Micro-story: After one soggy trial I learned to saute and squeeze spinach lightly; that small step rescued the texture every time.

Creative twists

  • Add a sprinkle of optional herbs for brightness (optional).
  • Swap the shredded cheese for a blend for different melt characteristics (optional).
  • Use different smoky proteins instead of bacon as an optional swap for variety (optional).
    All swaps are optional and should be added in small amounts to preserve the custard balance.

Common questions

Q: Can I make this ahead and reheat it?
A: Yes. Bake as directed, cool, then refrigerate. Reheat slices until hot; the texture remains creamy and the crust keeps a pleasant flake with gentle warming.

Q: Do I need to pre-cook the spinach?
A: Fresh chopped spinach can be folded in raw if it’s not overly wet; if it’s very tender or large in volume, briefly wilt and squeeze out excess moisture before adding.

Q: Can I use a store-bought pie crust?
A: Absolutely. A ready-made crust saves time and still produces a flaky base that supports the custard and fillings.

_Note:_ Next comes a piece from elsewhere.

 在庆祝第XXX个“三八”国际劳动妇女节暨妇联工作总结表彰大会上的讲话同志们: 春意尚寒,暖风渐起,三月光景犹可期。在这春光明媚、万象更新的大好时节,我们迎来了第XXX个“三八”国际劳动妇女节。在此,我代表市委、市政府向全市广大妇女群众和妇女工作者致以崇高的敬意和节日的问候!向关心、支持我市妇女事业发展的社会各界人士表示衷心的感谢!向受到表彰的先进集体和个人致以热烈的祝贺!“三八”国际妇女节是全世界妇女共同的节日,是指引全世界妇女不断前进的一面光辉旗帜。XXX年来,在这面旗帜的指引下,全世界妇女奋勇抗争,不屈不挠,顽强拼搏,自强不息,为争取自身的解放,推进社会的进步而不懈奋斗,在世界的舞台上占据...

Q: How do I know when it’s fully set?
A: Look for a lightly browned top and a mostly firm center; a small gentle jiggle is fine, but it should not appear liquid.

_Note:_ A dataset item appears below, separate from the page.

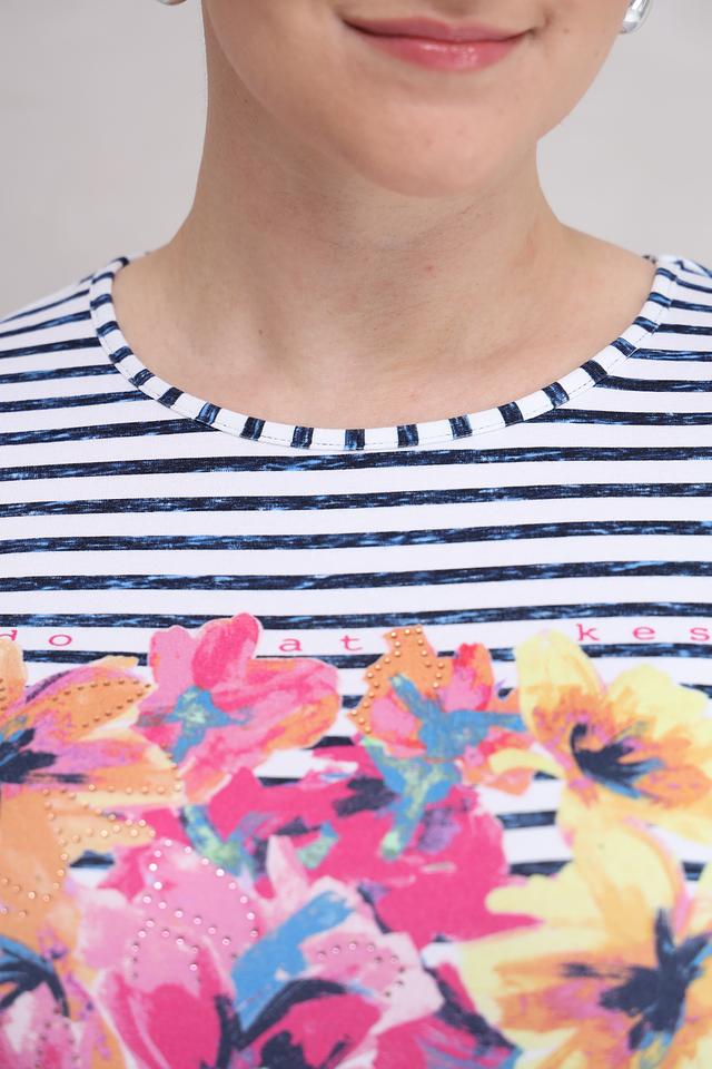 Основной цвет футболки – синий, она оформлена горизонтальными полосами. Главная деталь дизайна – яркий цветочный принт, расположенный на передней части изделия. Принт выполнен в разнообразной цветовой гамме, включая розовые, желтые и зеленые оттенки.

Q: Will the quiche be greasy with bacon?
A: To avoid greasiness, drain or pat the cooked bacon before mixing; this keeps the filling rich without being oily.

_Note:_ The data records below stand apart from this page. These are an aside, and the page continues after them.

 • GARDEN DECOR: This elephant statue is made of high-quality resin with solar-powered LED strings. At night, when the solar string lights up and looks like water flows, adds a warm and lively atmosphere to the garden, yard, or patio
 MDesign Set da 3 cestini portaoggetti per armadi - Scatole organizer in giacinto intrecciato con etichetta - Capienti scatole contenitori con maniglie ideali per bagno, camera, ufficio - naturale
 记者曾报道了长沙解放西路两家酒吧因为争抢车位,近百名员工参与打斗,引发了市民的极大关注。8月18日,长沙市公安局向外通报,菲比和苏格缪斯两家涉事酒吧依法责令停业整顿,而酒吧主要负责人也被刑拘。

Micro-story: I bring this quiche to potlucks because it makes robust slices that travel well, and folks always comment on the crunchy bacon bits.

Conclusion

For a dependable, savory centerpiece that’s both comforting and elegant, this bacon spinach quiche delivers on flavor, texture, and simplicity; for a slightly different inspiration, check this well-tested Spinach and Bacon Quiche – Tastes Better From Scratch.

Slice of easy bacon spinach quiche on a plate with fresh herbs garnish

Bacon Spinach Quiche

A comforting Bacon Spinach Quiche featuring crispy bacon, tender spinach, and creamy cheese, all encased in a flaky pie crust—perfect for brunch or make-ahead meals.
Prep Time 15 minutes
Cook Time 35 minutes
Total Time 50 minutes
Servings: 8 servings
Course: Brunch, Main Course
Cuisine: American
Calories: 320

Ingredients
  

Crust and Base
  • 1 unit pie crust Store-bought or homemade
Filling
  • 6 large eggs Large eggs for best results
  • 1 cup heavy cream Provides richness
  • 1 cup shredded cheese Cheddar or mozzarella recommended
  • 1 cup cooked bacon, crumbled Pat dry to avoid greasiness
  • 2 cups fresh spinach, chopped Ensure it is well-drained
  • to taste salt and pepper Season to preference
  • to taste optional spices (garlic powder, onion powder, herbs) Add for flavor variations

Method
 

Preparation
  1. Preheat your oven to 375°F (190°C).
  2. Roll out the pie crust and place it in a pie dish.
  3. In a bowl, whisk together the eggs and heavy cream, and season with salt, pepper, and optional spices.
  4. Stir in the cheese, crumbled bacon, and chopped spinach until well combined.
  5. Pour the egg mixture into the pie crust.
Baking
  1. Bake for 30-35 minutes or until the quiche is set and lightly browned on top.
  2. Let it cool for a few minutes before slicing and serving.

Notes

For the best results, let the quiche rest after baking to firm up the filling. Serve warm or at room temperature, ideally with a green salad.